The US and Spain signed a Peace protocol on the 12th of August, in which neither party recognized the June 12 declaration of Philippine independence.  Insurgents prepared a triumphant entry into the capital city of Manila, only to be denied access by the Americans.  They were honoring their agreement with Spanish authorities, who had stipulated that they wanted to surrender to Americans, and not to the insurgents who’d been making war on them.  To the Revolutionaries, it was a de facto partnership between the former combatants, with themselves on the outside.

It was only a matter of time before Filipino-American relations took a turn for the worse.
Fighting erupted between US and Filipino revolutionary forces on February 4, 1899. Without investigation, General Arthur MacArthur ordered his troops to advance against Filipino troops the following day, beginning a full-scale battle for Manila.

By June of that year, the First Philippine Republic had officially declared war on the United States. By November, President Aguinaldo had disbanded the regular Filipino army into guerrilla units, as he fled through the mountainous terrain of Bayambang.  Reaching the strategic bottleneck of Tirad Pass (Pasong Tirad) on November 23, Aguinaldo left a rear-guard under General Gregorio del Pilar to turn and face the pursuing Americans.  The handpicked force of 60 constructed trenches and stone barricades on both sides of the pass.

On December 2, they turned to meet Major Peyton C. March’s 300 troops of the 33rd Infantry Regiment.

The position was unassailable, but for the trail which outflanked the defenders and came up behind the position.  As Efialtes betrayed Leonidas’ 300 Spartans to Xerxes almost 2,400 years earlier, an Igorot villager named Januario Galut led the attackers around to the rear of the fortified position.  When it was over, the 33rd Infantry had lost 2, the Filipino rearguard 52.tirad-pass-movie

The Philippine Insurrection formally ended on July 4, 1902, though fighting would continue as late as 1913 with several minority factions.

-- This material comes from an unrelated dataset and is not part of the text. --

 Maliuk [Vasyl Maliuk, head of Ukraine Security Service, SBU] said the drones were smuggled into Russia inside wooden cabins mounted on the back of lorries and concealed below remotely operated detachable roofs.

There is an oft repeated story concerning General “Black Jack” Pershing’s treatment of a Muslim uprising, in the south of the country, among a people called the Moro.  The story involves American forces executing 49 out of 50 Moros with bullets dipped in pig’s blood, allowing the last to go back and warn his people not to mess with these guys.  The information is contradictory.  The story may be apocryphal, but not entirely so.  The closest I could come to confirming the story comes from the diary of Rear Admiral D.P. Mannix III, who fought the Moros as a young Lieutenant.   He refers to “…the custom of wrapping the dead man in a pig’s skin and stuffing his mouth with pork. As the pig was an unclean animal, this was considered unspeakable defilement.”

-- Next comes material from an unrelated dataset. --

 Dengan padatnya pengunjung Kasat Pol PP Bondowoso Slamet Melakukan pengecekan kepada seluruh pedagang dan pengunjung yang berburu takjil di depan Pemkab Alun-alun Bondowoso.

Interestingly, it was John Hay, former secretary to Abraham Lincoln, whose name adheres to one of 5 known copies of the Gettysburg Address written in Lincoln’s own hand, who served as Secretary of State during this period.    President Theodore Roosevelt’s October 25, 1903 executive order set aside land in the Benguet region of the Philippines for a military reservation, named Camp John Hay in his honor.  The property was turned over to the Philippines in 1991, on the expiration of the Philippine-US Bases Agreement.  A private developer transformed the property into a world class resort in 1997.  It retains the name of Abraham Lincoln’s private secretary, to this day.